El artista comprometido con el silencio, con la música callada, deberá desandar el camino de la piedra, con el lenguaje en el que mejor discurra su experiencia de silencio, en el que mejor exprese su experiencia de los bordes del sentido. Pondrá ojos, boca u oídos, donde nos los había.

«Las condiciones del pájaro solitario son cinco: la primera, que se va a lo más alto; la segunda que no sufre compañía, aunque sea de su naturaleza; la tercera, que pone el pico al aire; la cuarta, que no tiene determinado color; la quinta, que canta suavemente. Las cuales ha de tener el alma contemplativa: que se ha de subir sobre las cosas transitorias, no haciendo más caso de ellas que si no fuesen; y ha de ser tan amiga de la soledad y silencio, que no sufra compañía de otra criatura; ha de pner el pico al aire del Espíritu Santo, correspondiendo a sus inspiraciones, para que, haciéndolo así, se haga más digna de su compañía; no ha de tener determinado color, no teniendo determinación en ninguna cosa, sino en lo que es voluntad de Dios; ha de cantar suavemente en la contemplación y amor de su Esposo». Así escribía san Juan de la Cruz en sus Propiedades del pájaro solitario. Otro gran místico, el sufí Suhrawardi, describía un pájaro similar: «todos los colores están en él, pero él es incoloro». Aprender el lenguaje de los pájaros, tarea del místico. El gran ucello de Leonardo da Vinci, vive del aire y, para estar más a salvo, «vuela sobre las nubes y encuentra un aire tan sutil que no puede sostener a los pájaros que lo persiguen».

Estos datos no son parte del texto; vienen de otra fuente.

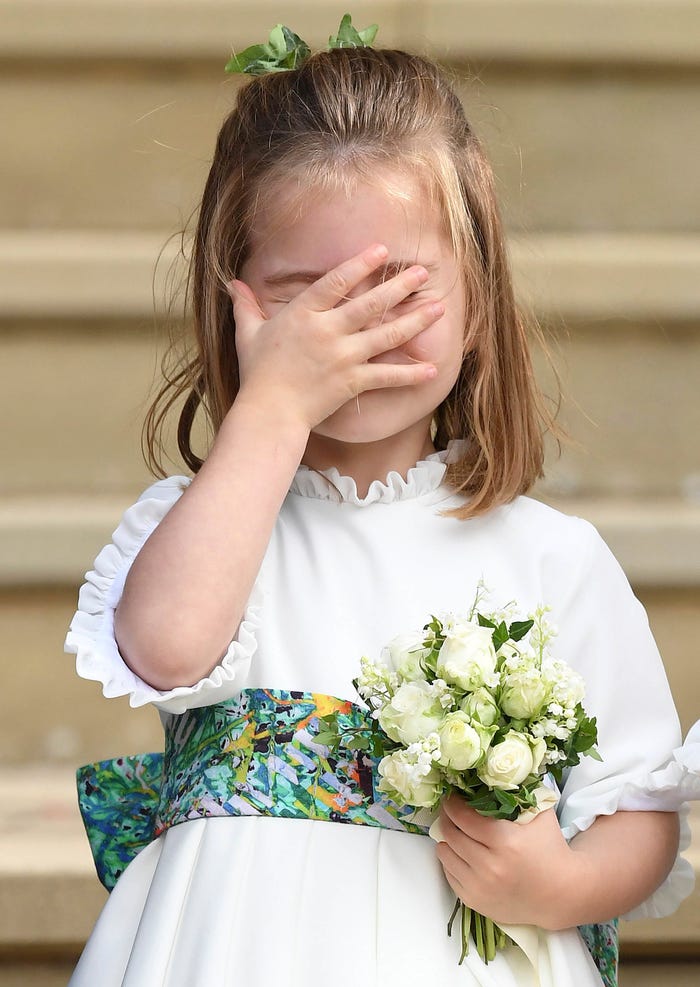 6. Charlotte không phải lúc nào cũng hào hứng khi thấy cánh báo chí. Công chúa nhăn nhó khi nhìn thấy quá nhiều nhiếp ảnh gia chờ đợi bên ngoài nhà nguyện St George trong đám cưới của công chúa Eugenie.

Y nos cuenta Attar en su Conferencia de los pájaros la historia de un largo y penoso viaje, el que deben realizar las aves para llegar hasta el  Simurg, al rey de los pájaros. Un viaje tan largo y difícil como el que otros místicos realizan hacia el corazón de una piedra. Los pájaros peregrinos deben cruzar siete valles para encontrar al Simurg: el valle del Amor, el valle del Entendimiento, el valle de la Separación, el valle de la Unidad, el valle de la Unidad, el valle del Asombro y finalmente, el valle de la Privación y el valle de la Muerte. Los siete valles de Attar, las siete moradas de Teresa de Jesús, los siete palacios de siete moradas del misticismo judío, las siete cabezas de la bestia del Apocalipsis, los siete grados de amor de san Juan de la Cruz que podrían ser siete valles de piedra. Símbolos de una experiencia de unidad.
Y ese símbolo, experiencia mil veces plegada sobre sí misma,  se despliega en la lectura de un poema, en la lectura de un cuadro o en la lectura de una talla de piedra.

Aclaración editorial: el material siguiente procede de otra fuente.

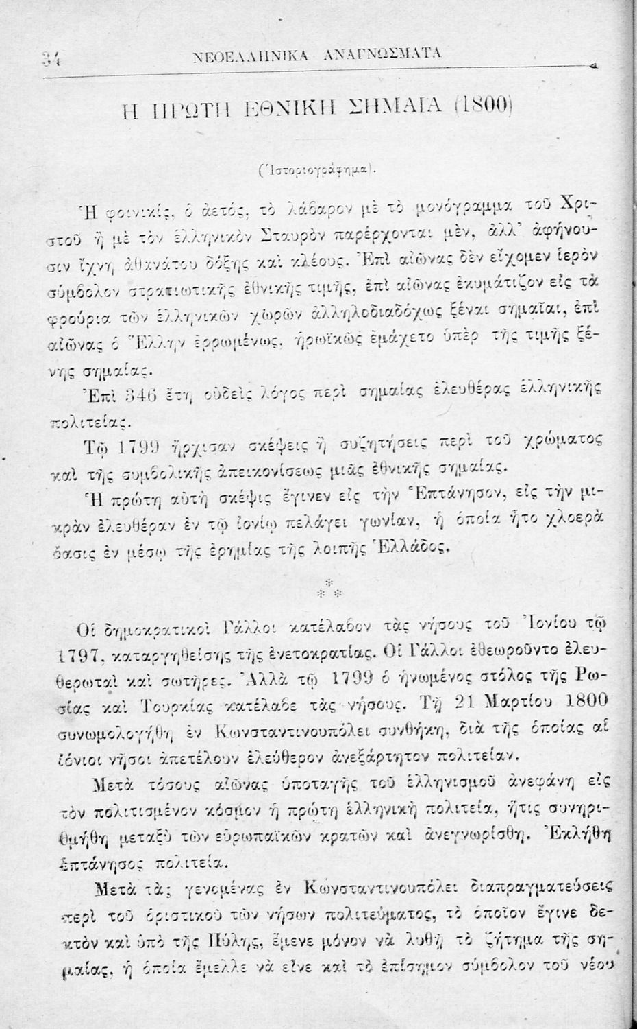 Σχολικό εγχειρίδιο Νέων Ελληνικών Γ' Ελληνικού και Α' Αστικού Σχολείου που περιλαμβάνει κείμενα Ελλήνων συγγραφέων εμπνευσμένα από την σύγχρονη ελληνική ιστορία, τη βυζαντινή ιστορία, την ελληνική φύση και τη ...

El mismo san Juan de la Cruz, que escribió las propiedades del pájaro solitario, dibujó al Cristo en la Cruz, hablando del vuelo con un lenguaje diferente. No se esforzó san Juan por reproducir con realismo la imagen de un cuerpo clavado a una cruz, y, de todas las encarnaciones matéricas del mundo invisible con las que el arte ha dotado al Cristo crucificado -el sufrimiento, el dolor, la soledad o el abandono-, eligió el vuelo.

Al contemplar este dibujo, vuelven a nosotros las propiedades del pájaro solitario, escuchamos casi un aleteo, porque también aquí, hay un pájaro que remonta el vuelo desde el madero.

Pájaro que otro artista talló en piedra, capaz de volar con sus plegadas alas de mármol, y que habla del vuelo místico a través de la reverberación poética.
Porque en el mundo de la mística los libros de piedra que el gigante de la noche traía en su bandeja, y nos ofrecía a examen, eran libros alados también. Porque en ese espacio umbral, espacio indiferenciado en el que cohabitan todas las metáforas, una piedra y un pájaro son la misma cosa.